(What is being asked) Exactly the lines below starting at the line with "Lebih ramai pengunjung" and ending at the line with "This gorgeous jewelry" are wanted, with both ends included. Leave out the pictures and add no other lines.

(Record excerpts)
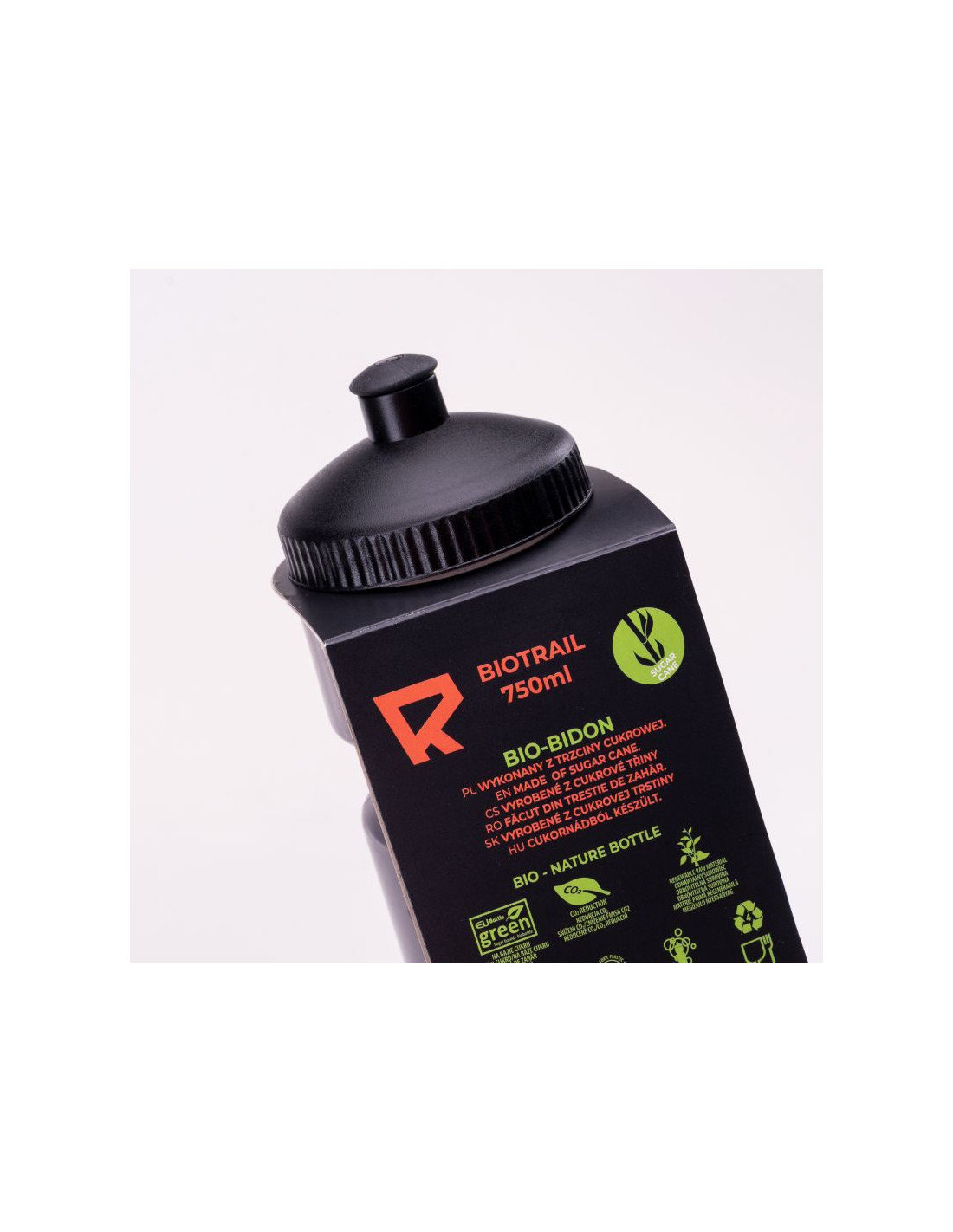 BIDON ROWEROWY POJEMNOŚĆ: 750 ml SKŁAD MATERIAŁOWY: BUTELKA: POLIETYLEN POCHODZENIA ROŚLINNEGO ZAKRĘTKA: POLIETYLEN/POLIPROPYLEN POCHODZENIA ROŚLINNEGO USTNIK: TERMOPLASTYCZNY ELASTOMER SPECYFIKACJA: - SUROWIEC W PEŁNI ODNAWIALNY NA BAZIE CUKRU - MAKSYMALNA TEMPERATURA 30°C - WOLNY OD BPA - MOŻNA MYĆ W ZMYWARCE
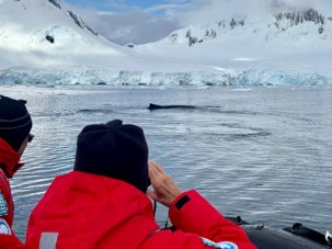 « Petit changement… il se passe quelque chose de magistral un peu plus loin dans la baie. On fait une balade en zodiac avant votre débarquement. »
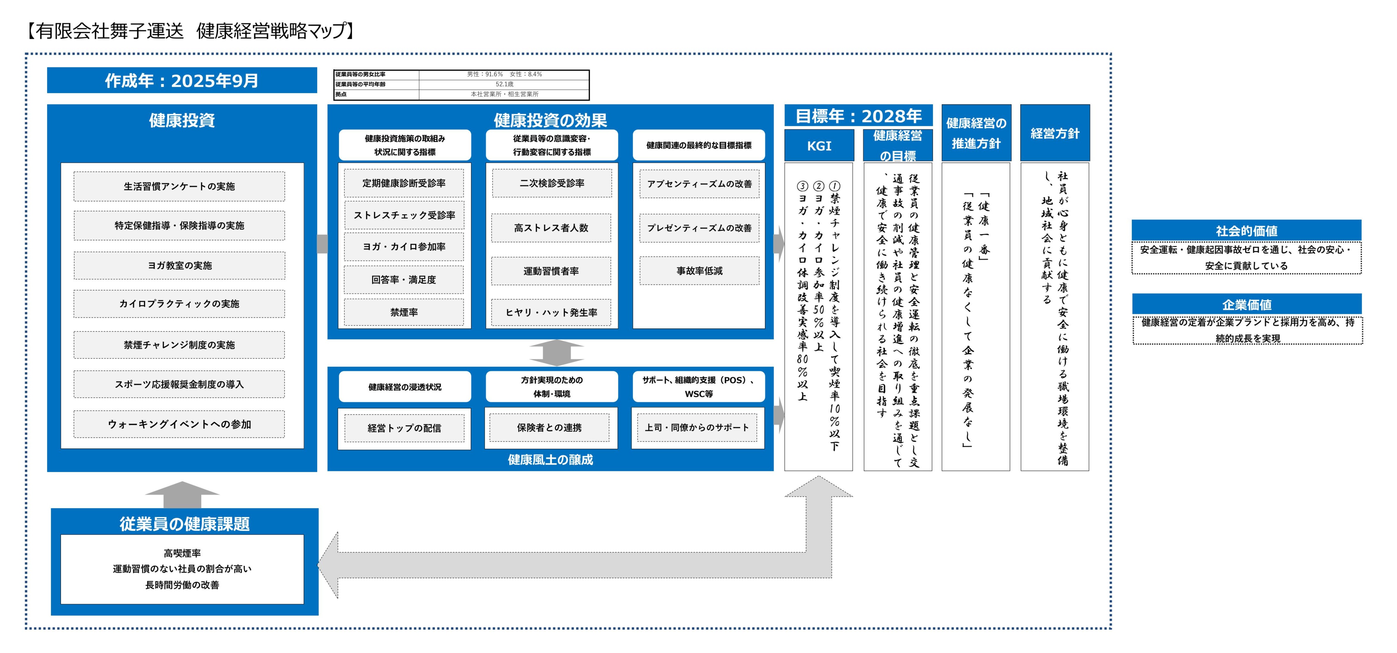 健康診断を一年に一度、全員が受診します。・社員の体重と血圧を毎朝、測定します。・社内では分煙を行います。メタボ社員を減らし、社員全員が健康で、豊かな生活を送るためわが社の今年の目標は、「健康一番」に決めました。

...

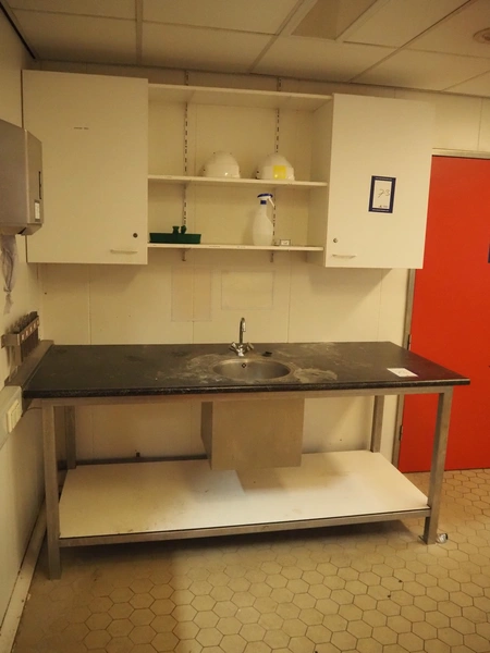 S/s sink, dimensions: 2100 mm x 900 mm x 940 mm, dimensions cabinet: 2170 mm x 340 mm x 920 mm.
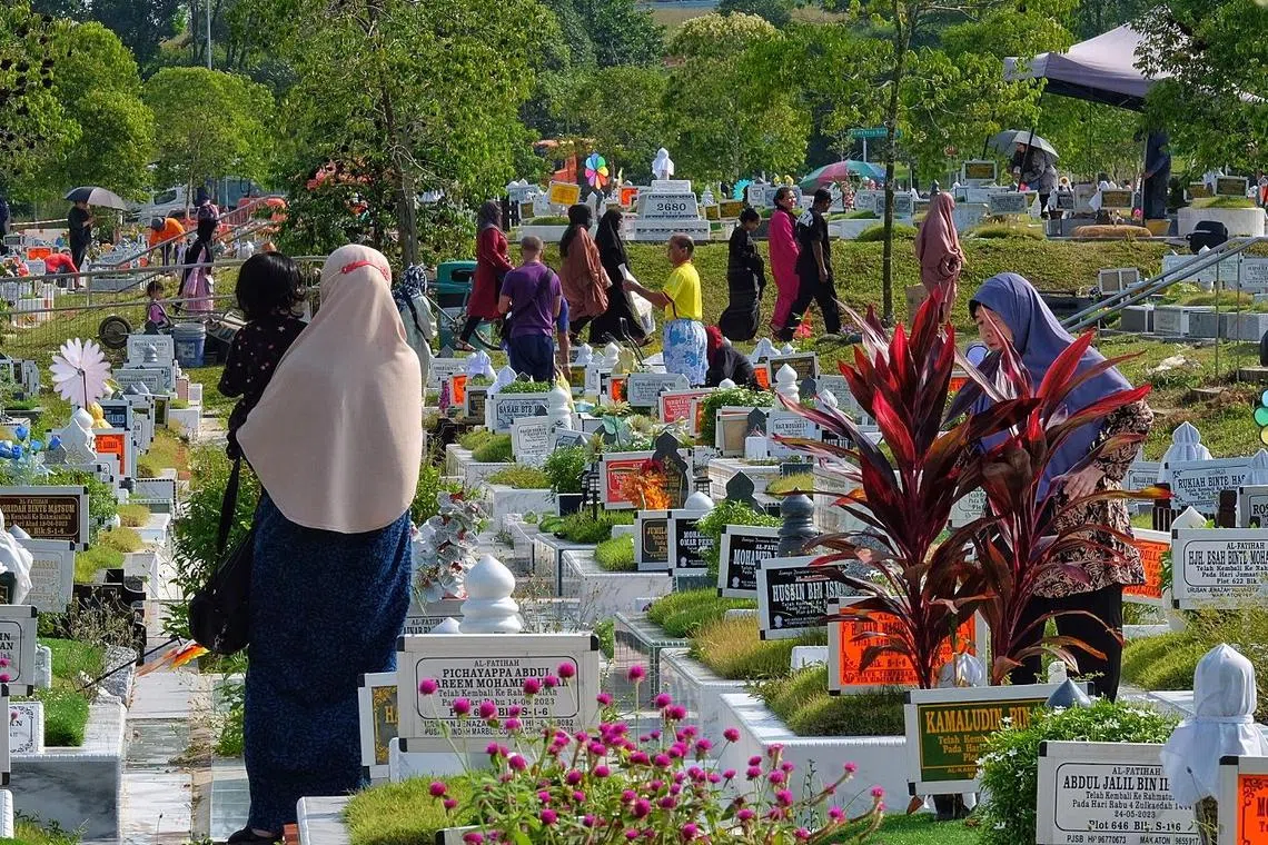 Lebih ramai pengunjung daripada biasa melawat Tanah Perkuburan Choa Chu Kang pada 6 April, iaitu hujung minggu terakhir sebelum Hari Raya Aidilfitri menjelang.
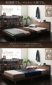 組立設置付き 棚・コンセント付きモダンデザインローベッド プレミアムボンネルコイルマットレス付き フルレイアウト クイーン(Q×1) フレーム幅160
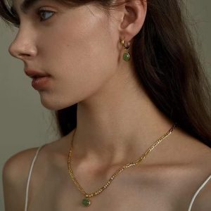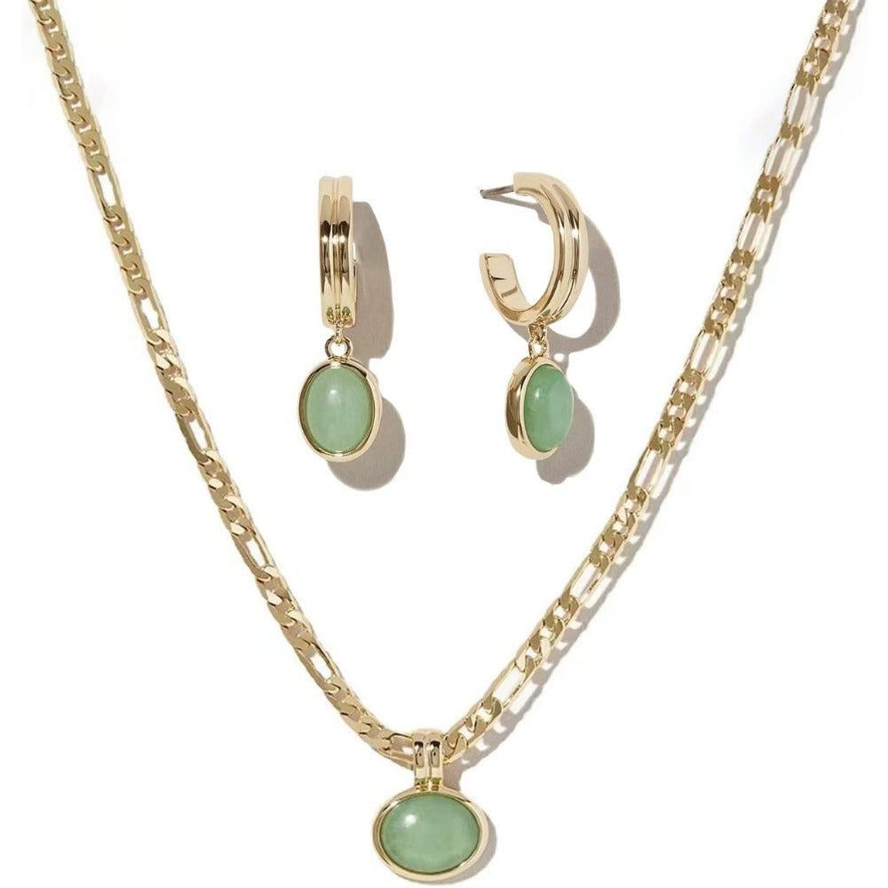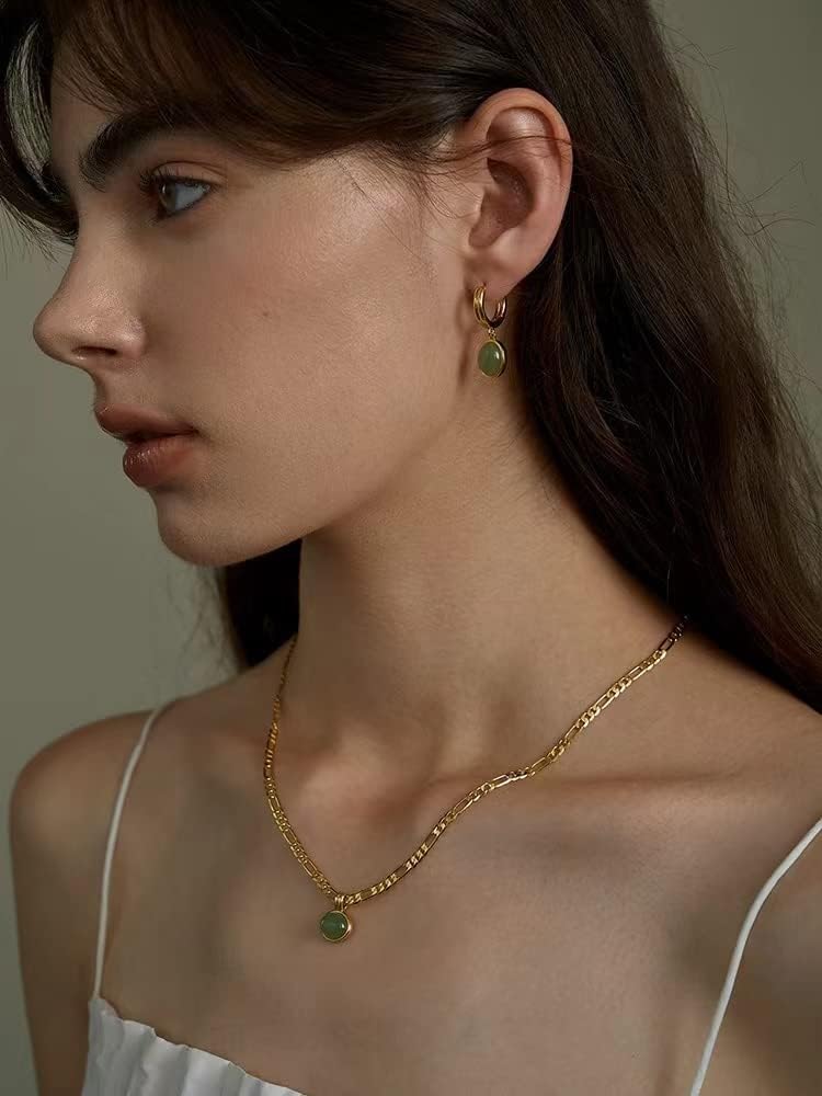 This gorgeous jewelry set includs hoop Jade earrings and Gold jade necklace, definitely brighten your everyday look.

(Task output)
 Lebih ramai pengunjung daripada biasa melawat Tanah Perkuburan Choa Chu Kang pada 6 April, iaitu hujung minggu terakhir sebelum Hari Raya Aidilfitri menjelang.
 組立設置付き 棚・コンセント付きモダンデザインローベッド プレミアムボンネルコイルマットレス付き フルレイアウト クイーン(Q×1) フレーム幅160
 This gorgeous jewelry set includs hoop Jade earrings and Gold jade necklace, definitely brighten your everyday look.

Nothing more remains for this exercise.